(Instructions to follow): An exact copy of all the data below is needed, without its pictures.

(Given information):
****************************************

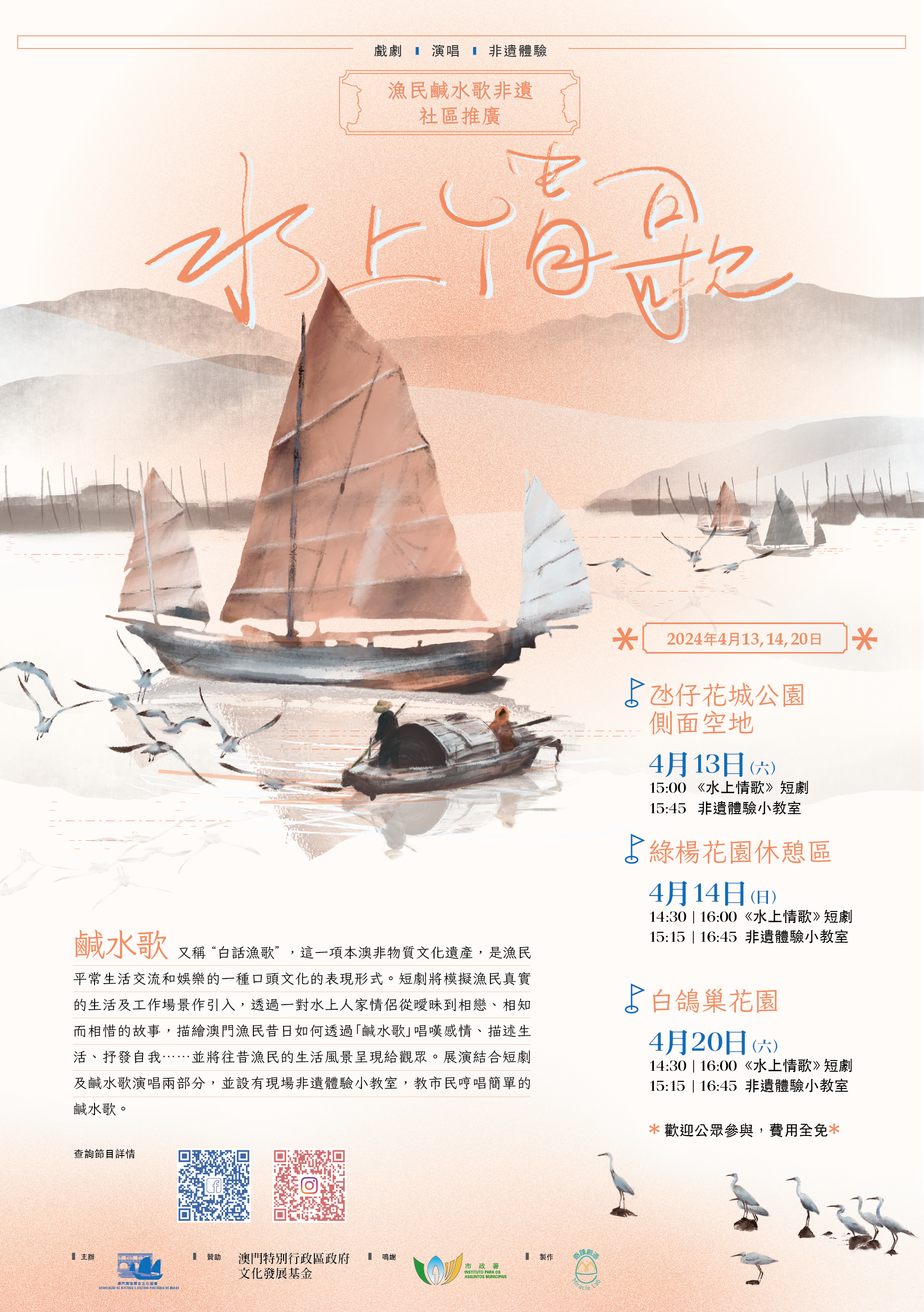 是次活動獲澳門特別行政區政府文化發展基金資助,為澳門海港歷史文化協會繼去年《水上情歌》公演後,再豐富其內容,以澳門小漁村的發展為題材策劃的展演。節目將融合戲劇情節、鹹水歌演唱,及非遺體驗小教室,以一對漁民夫妻的相遇相惜、船上日常,唱嘆漁民生活與產業發展的喜與憂,將往昔漁民的生活風景呈現給觀眾,歡迎有興趣的市民前來欣賞。
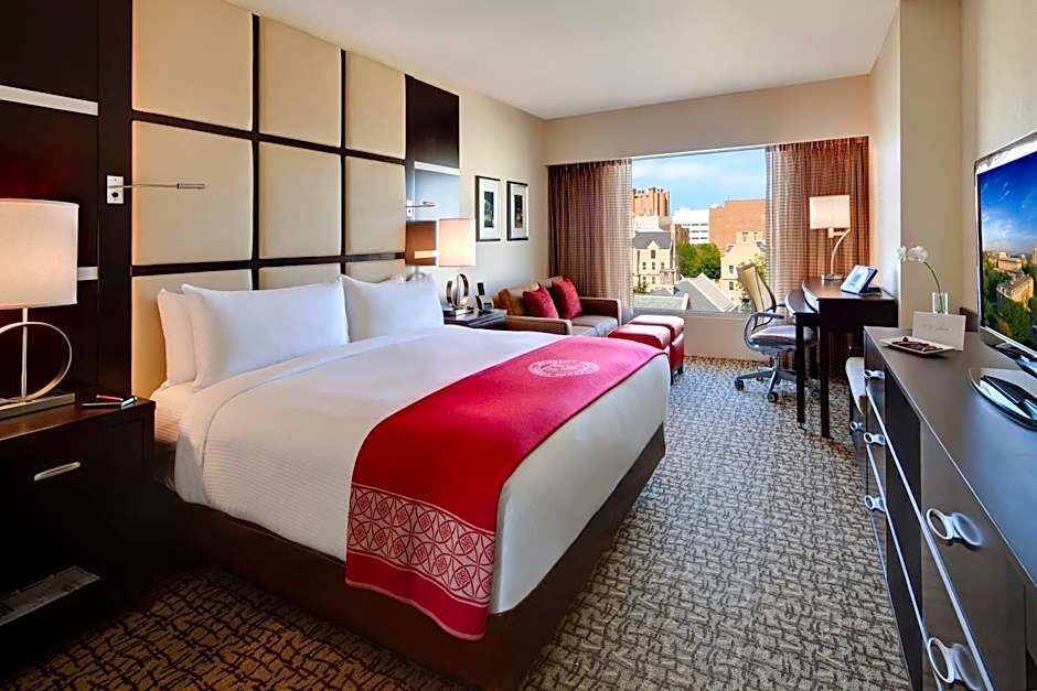 "Overlooking East campus, our traditional king has an architectural view of Barton and Ives Hall. The room has one king bed and room for a rollaway accommodating up to three people, plush pillow top mattress, a sitting area, a flexible work area, walk-in shower, complimentary wireless internet access, 43-inch LCD television, in-room refrigerator, in-room safe and Starbucks one-cup coffee maker."
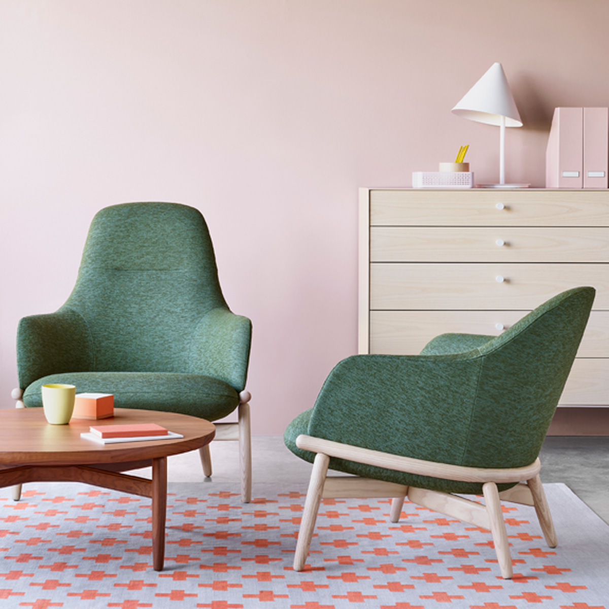 Low and open, the mid-back is designed to encourage conversation. The high-back offers a bit more support, while the wing-back goes further, almost wrapping the sitter to encourage focus and limit peripheral distractions.

****************************************

(Answer to this exercise):
 是次活動獲澳門特別行政區政府文化發展基金資助,為澳門海港歷史文化協會繼去年《水上情歌》公演後,再豐富其內容,以澳門小漁村的發展為題材策劃的展演。節目將融合戲劇情節、鹹水歌演唱,及非遺體驗小教室,以一對漁民夫妻的相遇相惜、船上日常,唱嘆漁民生活與產業發展的喜與憂,將往昔漁民的生活風景呈現給觀眾,歡迎有興趣的市民前來欣賞。
 "Overlooking East campus, our traditional king has an architectural view of Barton and Ives Hall. The room has one king bed and room for a rollaway accommodating up to three people, plush pillow top mattress, a sitting area, a flexible work area, walk-in shower, complimentary wireless internet access, 43-inch LCD television, in-room refrigerator, in-room safe and Starbucks one-cup coffee maker."
 Low and open, the mid-back is designed to encourage conversation. The high-back offers a bit more support, while the wing-back goes further, almost wrapping the sitter to encourage focus and limit peripheral distractions.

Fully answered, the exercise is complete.